Не дожидаясь приглашения, Всеволод Викторович Глущенко проследовал, — не прошел, ни в коем случае не прошел, а только проследовал, если не прошествовал! — к низкому столику, на коем стояла у Виктора Пантелеймоновича запасная поллитра и что-то из вчерашней закуски. Там гость опустился в кресло, а потом в дверях появилось еще что-то… вот именно не кто-то, а что-то. Хотя существо это было явно человечьего рода, было оно при этом молодое, однако бесполое; женщина это или мужчина — никак пьяный взор Виктора не мог распознать, да и не пытался. И вообще, только что принявший цельную банку и узревший явившегося без малейшего предупреждения сына, Виктор Пантелеймонович меньше всего склонен был раздумывать: кого там или что там сынуля с собой приволок.
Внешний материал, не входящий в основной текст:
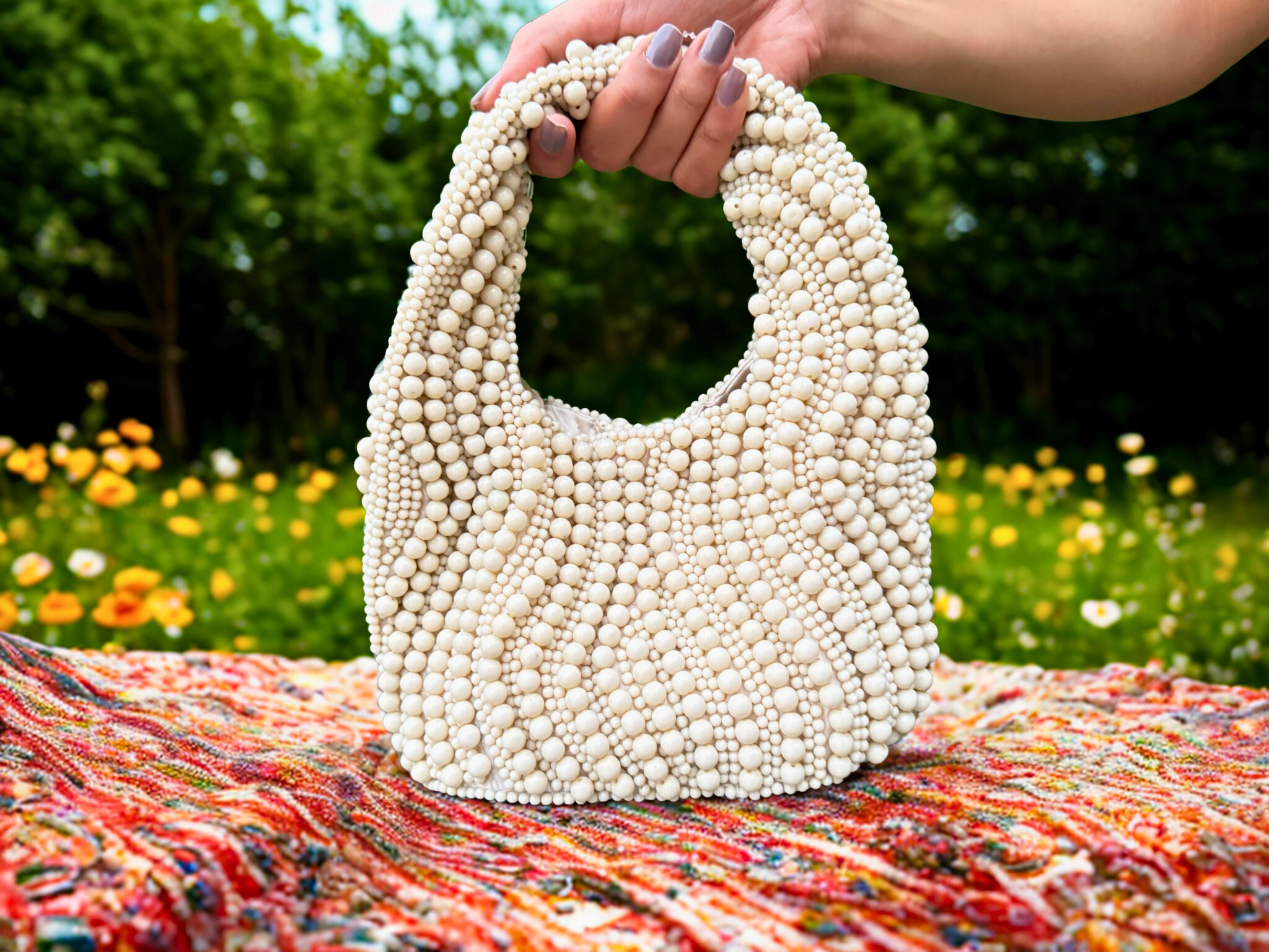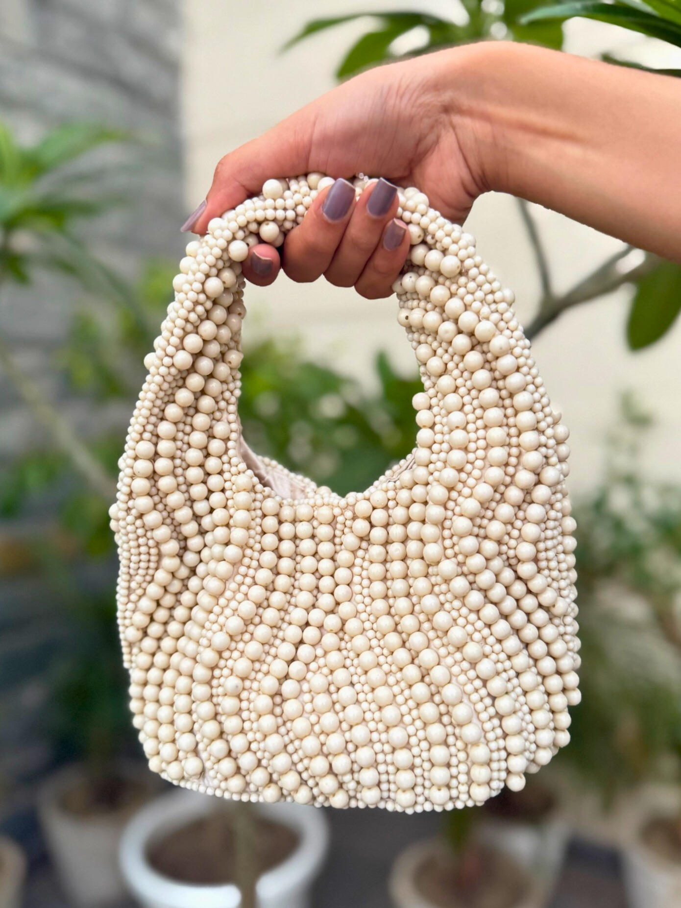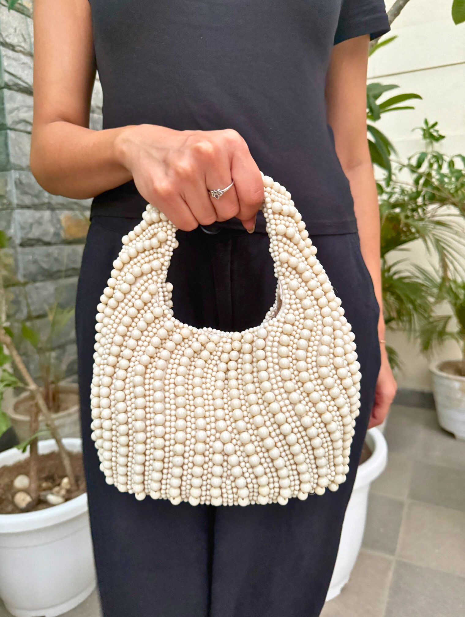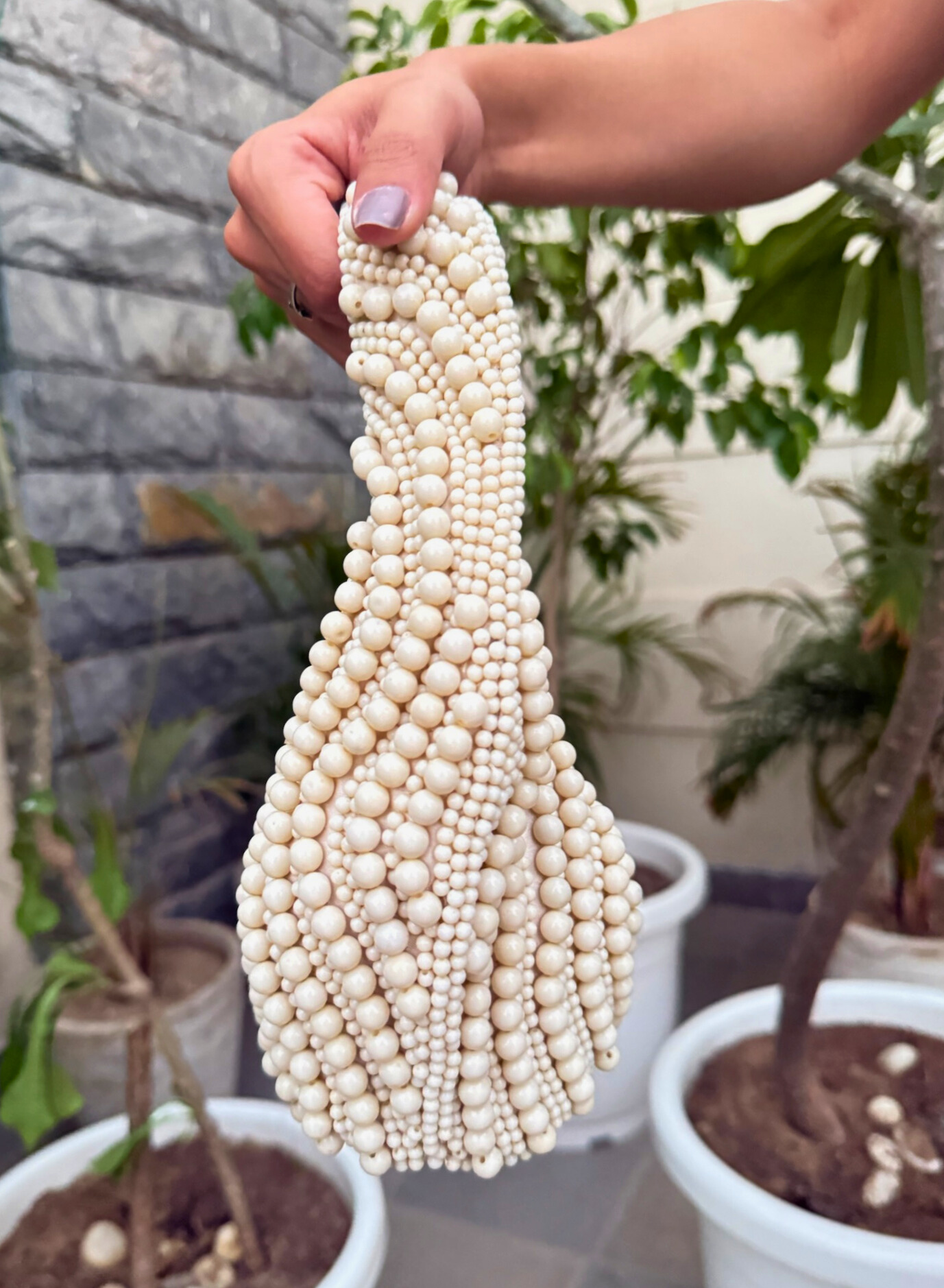 A vision of understated elegance, the Ivory Cascade is a sculptural mini-hobo bag adorned with a rhythmic flow of ivory-toned beads. Entirely hand-embroidered by skilled artisans, its textured surface mimics the graceful movement of water – organic, fluid, and timeless. This piece pairs effortlessly with both traditional ensembles and minimal Western outfits, making it a go-to for brunches, mehendi ceremonies, or evening soirees.
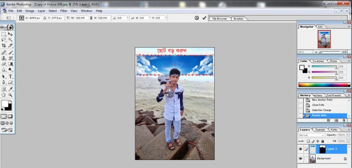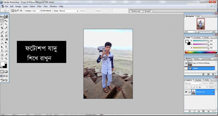 ফটোশপের যে কত গুন সেটা যারা জানে আর বোঝে তারাই ভাল বলতে পারবে। যদিও আমি বেশি কিছু জানিনা তার পরও যা জানি সেটা আপনাদের মাঝে শেয়ার করতে চেষ্টা করি। ফটোশপের মাধ্যমে আমরা নানাবিধ কাজ করে থাকি। অনেক সময় যে কোন ছবির পিছনের অংশ চেঞ্জ করতে হয়, আমার এক ভাই চিটিগাং গেল এবং নিচের ছবিটি তুলে আনল, আর আমি দেখলাম ছবির পিছনের অংশ তেমন ভাল না, আকাশ টা ঘোল হয়েছে, মনে মনে ছোট ভাইকে বললাম ছবিটা আমাকে Shareit দিয়ে দাও, বাকিটা আমি করে দেখাচ্ছি। সে আমাকে ছবিটা দিল আর আমি ফাইনাল কাজ করে দিলাম অনেক খুশি হল।

— Рекомендую, — ткнул в сторону второго вошедшего Всеволод, ткнул не пальцем, а каким-то предметом, который Виктор не рассмотрел, — твой приемный, Дуся. Это по-ихнему Дуся, это кликуха, чтобы тебе понятней было, потому Дуся, что — подруга. А официально Гелий Станиславович, если соображаешь, что это значит. Старая шалашовка, но, возможно, нам еще придется лизать ей ботинки и другие места. Тебе придется, я постараюсь не лизать. Давай кружки.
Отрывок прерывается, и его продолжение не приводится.